Curriculum Proliferation

As part of my administrative duties, I spend some time thinking about curriculum design. On that front, a striking elements of most law schools’ course offerings is the rapid and extensive accretion of new courses, a phenomenon I call “curriculum proliferation.”

Curriculum proliferation has positive aspects:

* new courses can freshen a curriculum and update it to reflect modern legal developments

* new courses can focus on more specialized topics, better serving students’ unique interests

* more courses generally should result in smaller enrollments in each course across the curriculum

* new courses can allow professors to match course content to their current research interests

However, curriculum proliferation isn’t all good news:

* new courses may substantively overlap with existing courses. This can confuse students selecting between courses, and if the redundancy isn’t pedagogically valuable, students in overlapping courses may feel like they are wasting their time. Even if the curricular additions don’t overlap, a larger curriculum still can be confusing for students to navigate

* if more instructors are needed to serve the same number of students, this creates new incremental costs

* it is administratively taxing to manage a larger curriculum (if you’ve never dealt with this, then trust me)

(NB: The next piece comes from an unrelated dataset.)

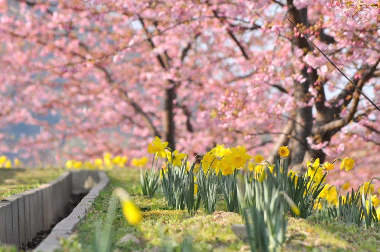 この時期、海と空の青、桜のピンク、スイセンの黄色が見事な上関では、2月23日から「桜まつり」として開始された河津さくら。しかし、河津さくらの見頃はもう少し先のようです。2月23日現時点での開花状況は、まだ一分咲きの様子。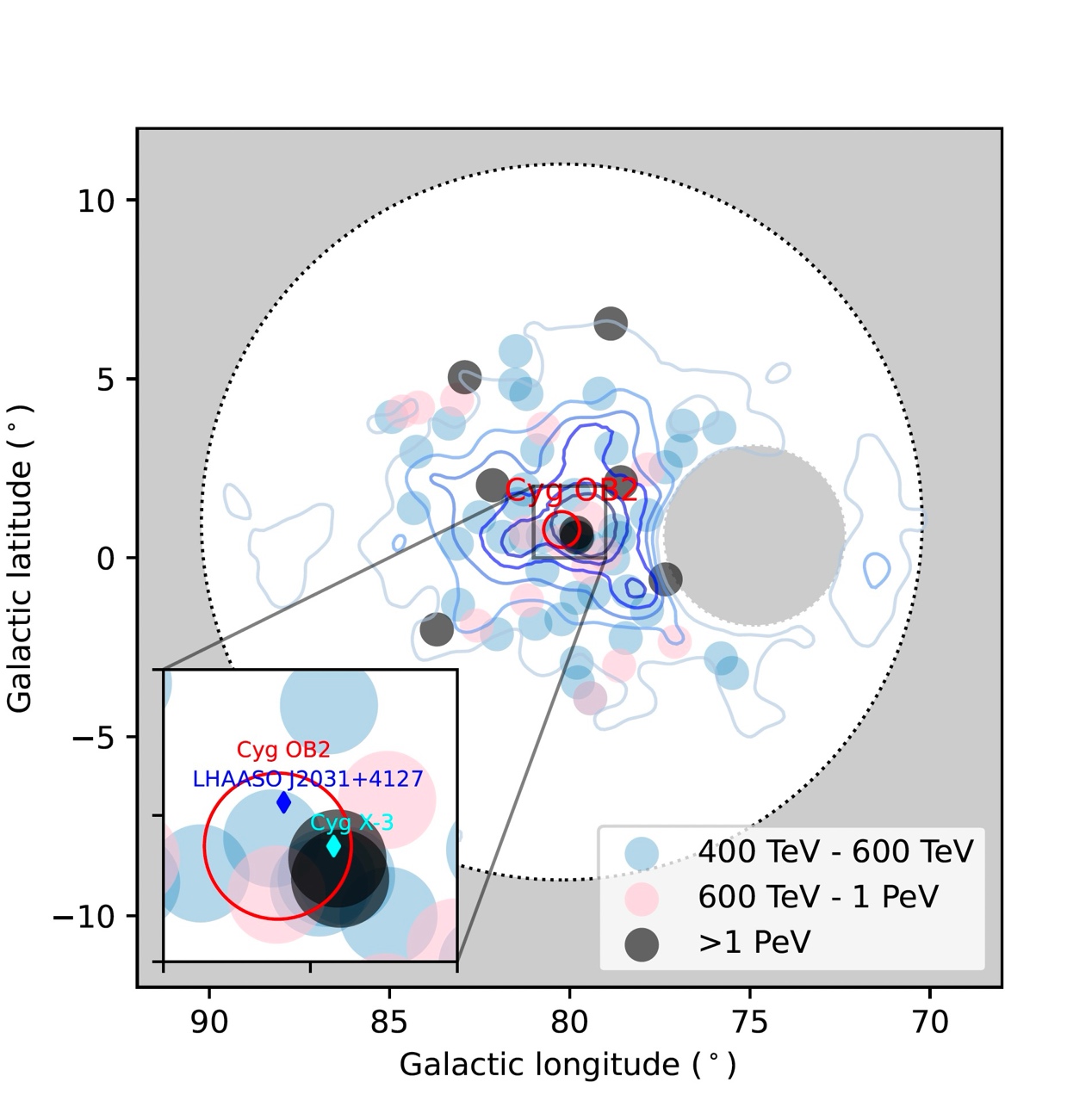 天鹅座是LHAASO最初发现的12个拍电子伏伽马射线源之一,是我们近邻最强的新星形成区域。TapTap点点LHAASO团队对这一天区持续关注,最终在该区域观测到了巨大的超高能伽马射线 “泡泡”,尺度超过150 pc (1 pc约等于3.26光年),其伽马射线能量最高达拍电子伏(1015 eV),其特征与宇宙线拍电子伏加速器模型预期一致,表明这个“泡泡”的核心区可能是一个可以把质子加速到超过10拍电子伏的超级加速器。该结果在《Science Bulletin》正式发表并被选为封面文章(https://doi.org/10.1016/j.scib.2023.12.040)。

* most importantly, an expanded curriculum induces some students to skip existing courses and take the new offerings instead. In aggregate, curriculum proliferation may have the practical consequence of diverting students from existing “core” courses to more esoteric offerings. This reduces the amount of shared experiences or common skills of a school’s graduates. It could also affect bar passage rate to the extent student skip “bar courses” to take specialty electives. (I’m assuming, as many professors do–but without any empirical support–that taking bar courses improves performance on the bar exam. I wonder if this has ever been studied?).

From my perspective, these problems are serious enough that it is worth trying to minimize curriculum proliferation. But, this isn’t easy. Curriculum proliferation is driven by a variety of forces, including:

* expanding curricular requirements from accrediting bodies

* course schedulers’ reliance on market mechanisms for course selection (i.e., the willingness to throw a course out to the students to see if it gets any traction enrollment-wise)

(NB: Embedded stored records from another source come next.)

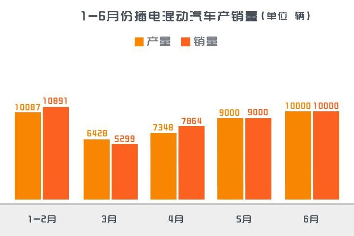 2016年1-6月插電混動車產銷走勢圖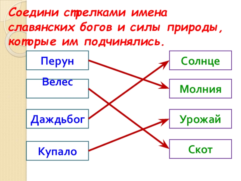 Соедини стрелками имена славянских богов и силы природы, которые им подчинялись.ПерунВелесДаждьбогКупалоСкотУрожайМолнияСолнце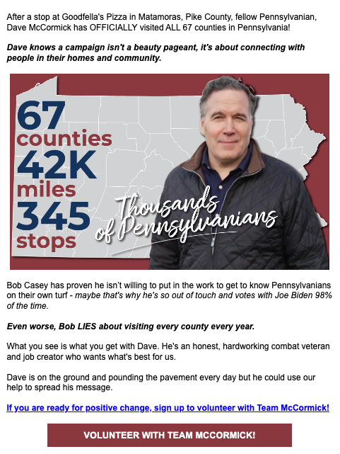 That's the message from President Trump, and that's exactly what we need to do this Fall if we want to kick out liberals like Bob Casey.

* the difficulty saying no to existing faculty members who request a specialty course or to noteworthy lawyers who express an interest in becoming an adjunct professor to teach a course uniquely suited to their talents

These forces are challenging, so let me propose (for discussion purposes) a slightly radical solution to combat unwanted curriculum proliferation. In my opinion, the real culprit is the lack of explicit scarcity in the curricular decision-making process, which could be corrected simply by introducing scarcity. For example, a law school could fix the total number of courses it offers. Thus, to add a new course, curricular decision-makers would need to drop an existing course. This constraint would force a careful deliberation before new courses are added, and it could have the added bonus of churning out underperforming courses from the curriculum. In theory, then, self-imposed scarcity should progressively improve the overall curriculum.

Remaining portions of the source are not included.